■ Your task
Starting with the line that contains "La DIAN publicó", repeat exactly every line through the last one in the records below, and leave out the pictures.

■ Supplied records
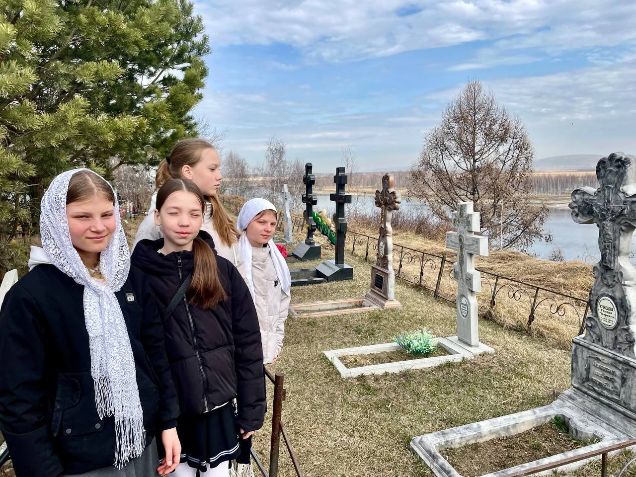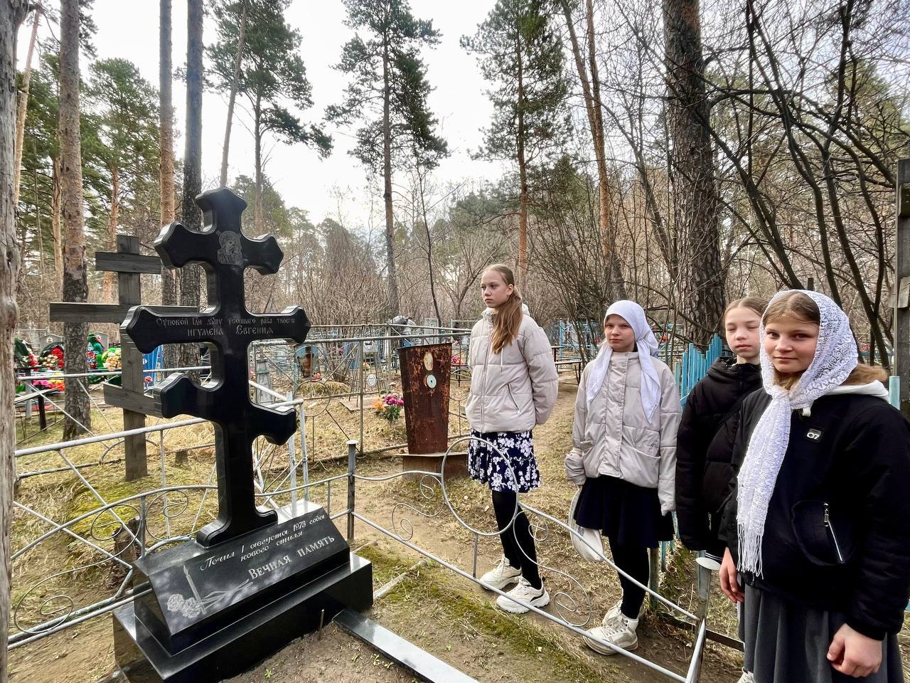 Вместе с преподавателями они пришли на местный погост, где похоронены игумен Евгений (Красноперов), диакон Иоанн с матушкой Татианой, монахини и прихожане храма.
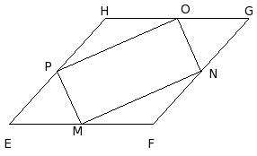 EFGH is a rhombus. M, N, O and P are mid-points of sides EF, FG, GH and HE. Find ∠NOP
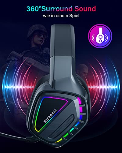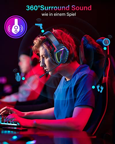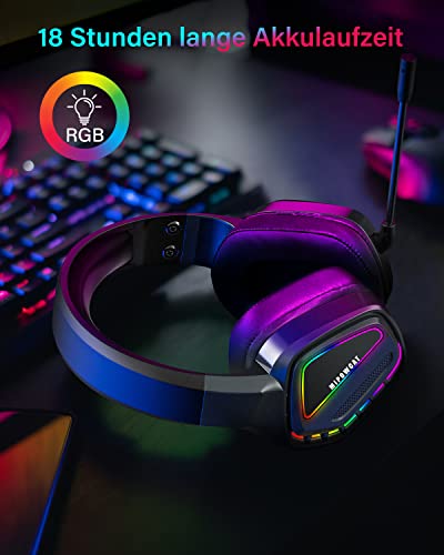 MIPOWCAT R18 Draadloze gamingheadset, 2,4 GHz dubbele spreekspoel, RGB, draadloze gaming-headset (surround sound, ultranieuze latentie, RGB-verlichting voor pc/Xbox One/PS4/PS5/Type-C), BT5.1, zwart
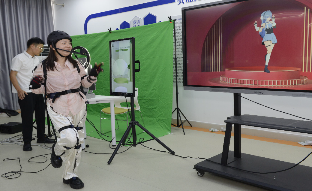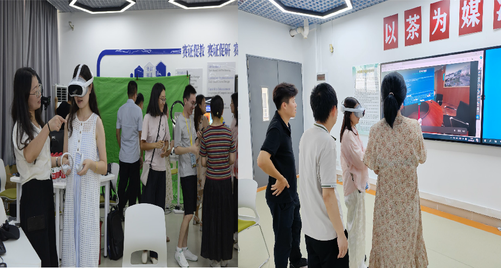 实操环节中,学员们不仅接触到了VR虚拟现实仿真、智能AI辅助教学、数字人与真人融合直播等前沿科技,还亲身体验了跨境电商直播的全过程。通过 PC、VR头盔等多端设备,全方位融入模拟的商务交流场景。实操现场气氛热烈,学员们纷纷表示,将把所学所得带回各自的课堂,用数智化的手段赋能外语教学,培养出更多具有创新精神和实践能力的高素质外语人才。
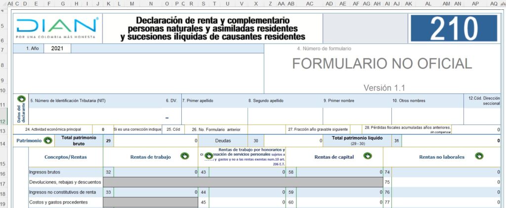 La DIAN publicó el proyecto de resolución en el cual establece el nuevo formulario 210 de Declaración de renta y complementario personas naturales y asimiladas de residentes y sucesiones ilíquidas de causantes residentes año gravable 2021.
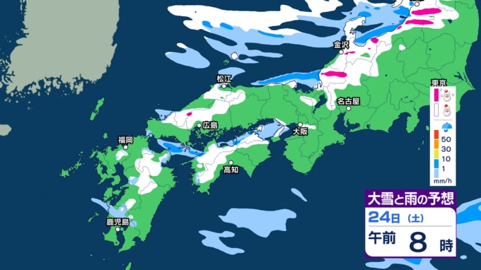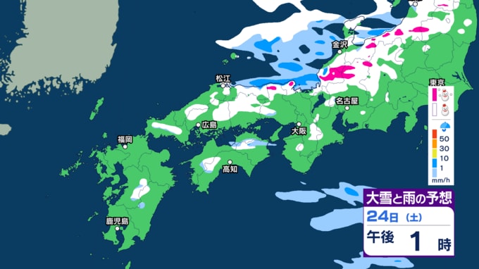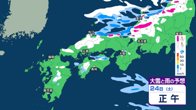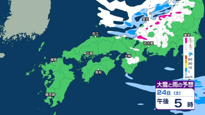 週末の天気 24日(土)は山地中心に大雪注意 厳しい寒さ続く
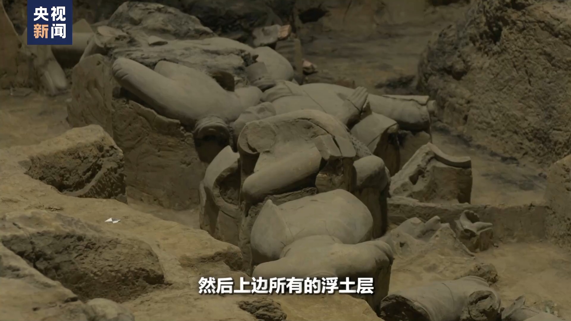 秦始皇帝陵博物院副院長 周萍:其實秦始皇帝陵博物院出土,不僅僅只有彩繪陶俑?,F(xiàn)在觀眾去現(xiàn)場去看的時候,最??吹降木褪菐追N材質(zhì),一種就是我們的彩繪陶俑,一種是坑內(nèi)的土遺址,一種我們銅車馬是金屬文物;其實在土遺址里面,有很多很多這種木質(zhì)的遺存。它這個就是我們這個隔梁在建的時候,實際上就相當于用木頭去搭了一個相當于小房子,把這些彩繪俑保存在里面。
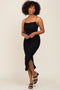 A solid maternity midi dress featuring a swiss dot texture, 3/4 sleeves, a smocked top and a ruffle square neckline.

■ Answer
 La DIAN publicó el proyecto de resolución en el cual establece el nuevo formulario 210 de Declaración de renta y complementario personas naturales y asimiladas de residentes y sucesiones ilíquidas de causantes residentes año gravable 2021.
 週末の天気 24日(土)は山地中心に大雪注意 厳しい寒さ続く
 秦始皇帝陵博物院副院長 周萍:其實秦始皇帝陵博物院出土,不僅僅只有彩繪陶俑?,F(xiàn)在觀眾去現(xiàn)場去看的時候,最??吹降木褪菐追N材質(zhì),一種就是我們的彩繪陶俑,一種是坑內(nèi)的土遺址,一種我們銅車馬是金屬文物;其實在土遺址里面,有很多很多這種木質(zhì)的遺存。它這個就是我們這個隔梁在建的時候,實際上就相當于用木頭去搭了一個相當于小房子,把這些彩繪俑保存在里面。
 A solid maternity midi dress featuring a swiss dot texture, 3/4 sleeves, a smocked top and a ruffle square neckline.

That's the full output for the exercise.